§ Assignment
Look through the data below and output, unchanged, every line from the one holding "昨天股市修正主要的原因,是因" through the one holding "新时代青年应当砥砺前行,锐意", inclusive. Skip the pictures.

§ Records shown
★ ★ ★ ★ ★
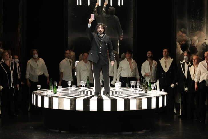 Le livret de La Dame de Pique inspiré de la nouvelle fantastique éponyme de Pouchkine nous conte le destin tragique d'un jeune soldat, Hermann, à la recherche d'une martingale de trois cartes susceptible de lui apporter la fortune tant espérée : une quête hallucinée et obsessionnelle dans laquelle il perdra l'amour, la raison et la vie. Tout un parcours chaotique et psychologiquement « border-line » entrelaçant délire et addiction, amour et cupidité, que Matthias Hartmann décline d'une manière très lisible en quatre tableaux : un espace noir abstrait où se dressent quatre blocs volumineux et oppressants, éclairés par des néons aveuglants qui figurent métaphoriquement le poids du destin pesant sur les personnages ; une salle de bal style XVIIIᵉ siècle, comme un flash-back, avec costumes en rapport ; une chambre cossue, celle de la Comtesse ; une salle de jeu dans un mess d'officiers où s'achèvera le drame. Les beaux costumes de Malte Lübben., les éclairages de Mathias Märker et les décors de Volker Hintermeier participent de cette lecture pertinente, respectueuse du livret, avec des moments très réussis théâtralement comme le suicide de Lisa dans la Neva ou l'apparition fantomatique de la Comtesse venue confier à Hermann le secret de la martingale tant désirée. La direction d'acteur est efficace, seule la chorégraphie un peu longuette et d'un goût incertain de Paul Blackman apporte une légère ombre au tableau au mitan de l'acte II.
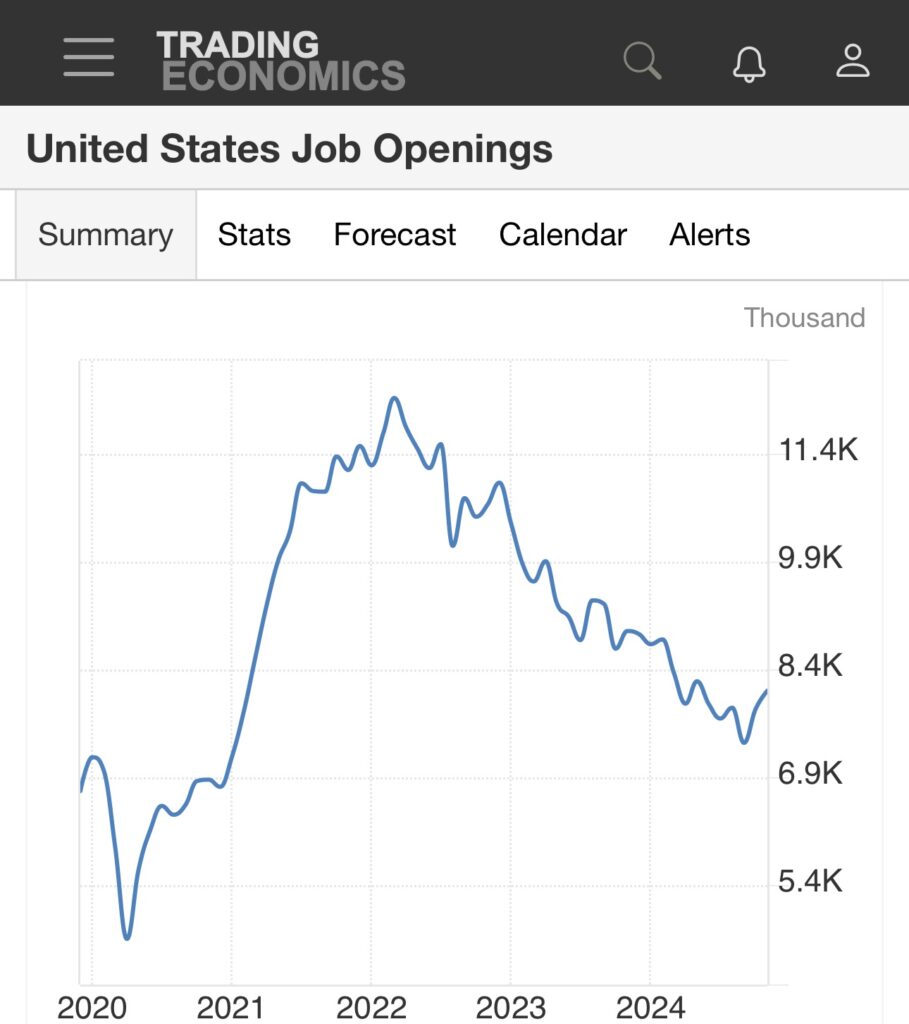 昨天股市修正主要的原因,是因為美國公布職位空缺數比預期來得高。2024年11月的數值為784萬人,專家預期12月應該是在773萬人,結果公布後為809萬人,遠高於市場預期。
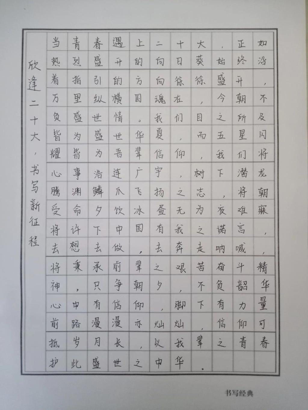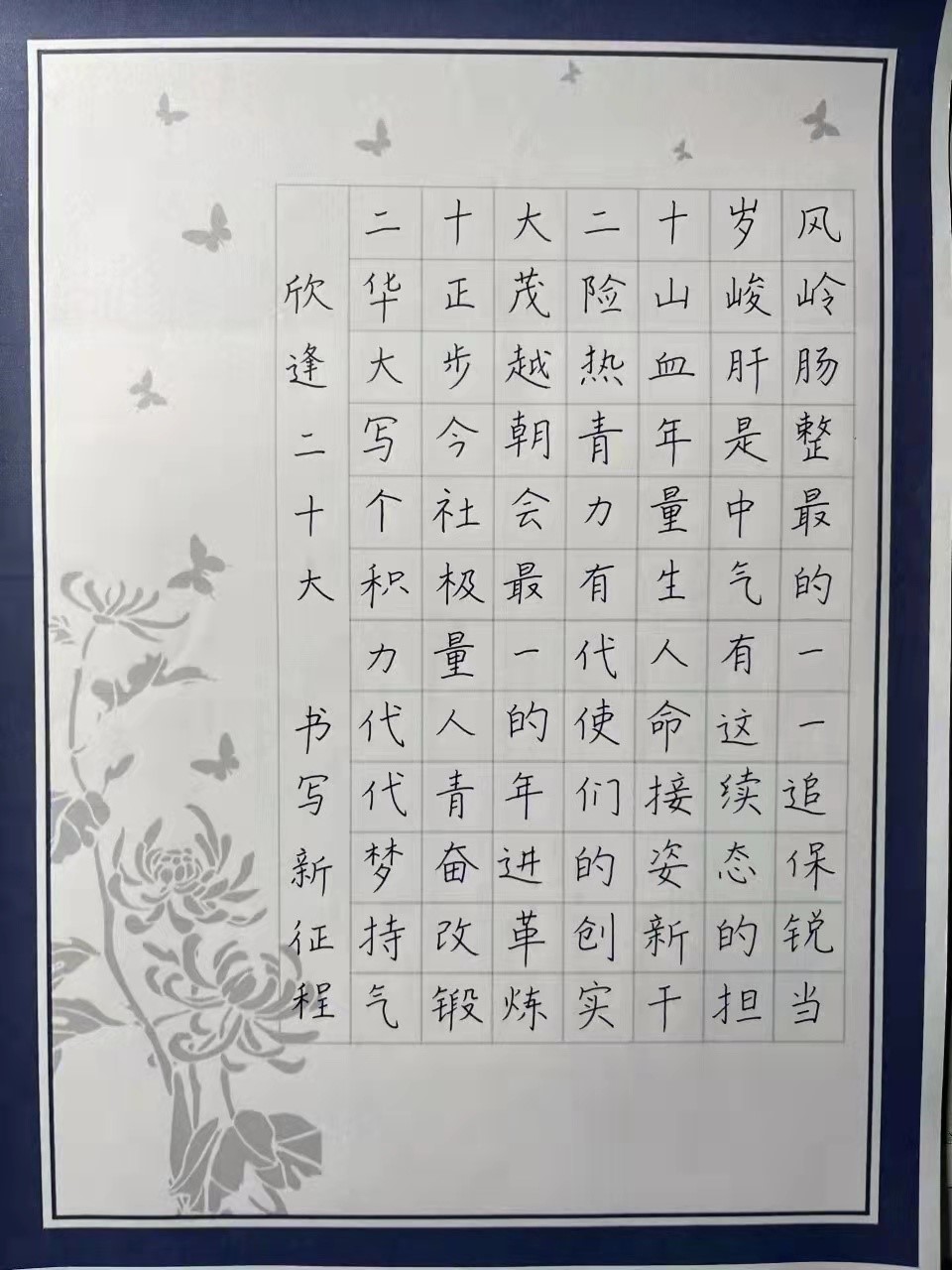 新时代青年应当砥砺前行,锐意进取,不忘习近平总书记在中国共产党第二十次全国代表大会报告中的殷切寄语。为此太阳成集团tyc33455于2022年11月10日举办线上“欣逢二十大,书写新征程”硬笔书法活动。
★ ★ ★ ★ ★
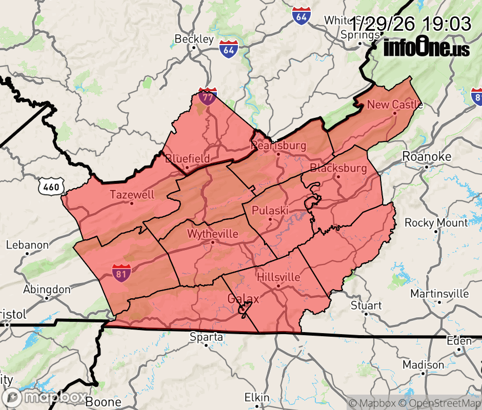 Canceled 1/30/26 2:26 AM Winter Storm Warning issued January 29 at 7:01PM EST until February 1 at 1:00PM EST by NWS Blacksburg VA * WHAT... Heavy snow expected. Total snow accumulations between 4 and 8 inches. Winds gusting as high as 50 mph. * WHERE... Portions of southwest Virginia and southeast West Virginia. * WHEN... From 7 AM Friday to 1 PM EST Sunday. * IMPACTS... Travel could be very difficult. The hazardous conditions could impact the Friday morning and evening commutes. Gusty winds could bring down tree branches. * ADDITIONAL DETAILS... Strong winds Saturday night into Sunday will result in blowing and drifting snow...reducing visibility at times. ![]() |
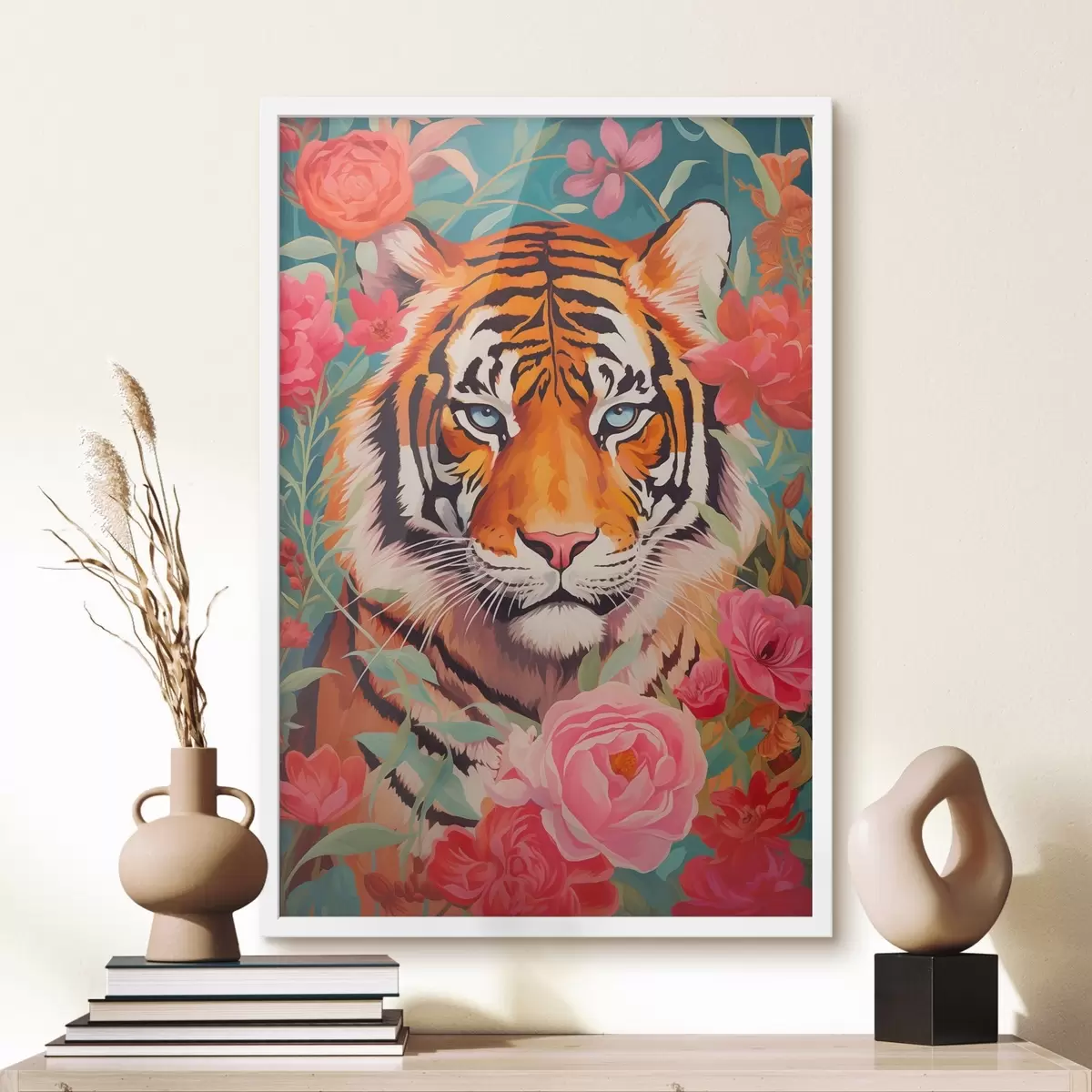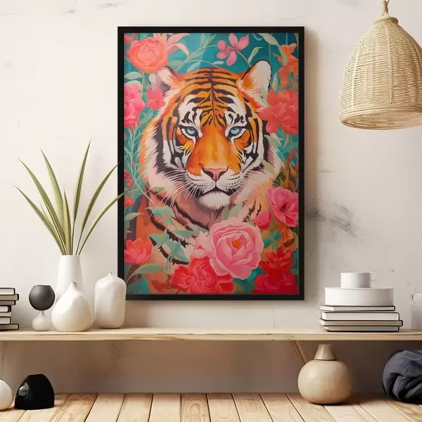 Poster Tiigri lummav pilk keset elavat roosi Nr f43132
★ ★ ★ ★ ★
§ Your response
 昨天股市修正主要的原因,是因為美國公布職位空缺數比預期來得高。2024年11月的數值為784萬人,專家預期12月應該是在773萬人,結果公布後為809萬人,遠高於市場預期。
 新时代青年应当砥砺前行,锐意进取,不忘习近平总书记在中国共产党第二十次全国代表大会报告中的殷切寄语。为此太阳成集团tyc33455于2022年11月10日举办线上“欣逢二十大,书写新征程”硬笔书法活动。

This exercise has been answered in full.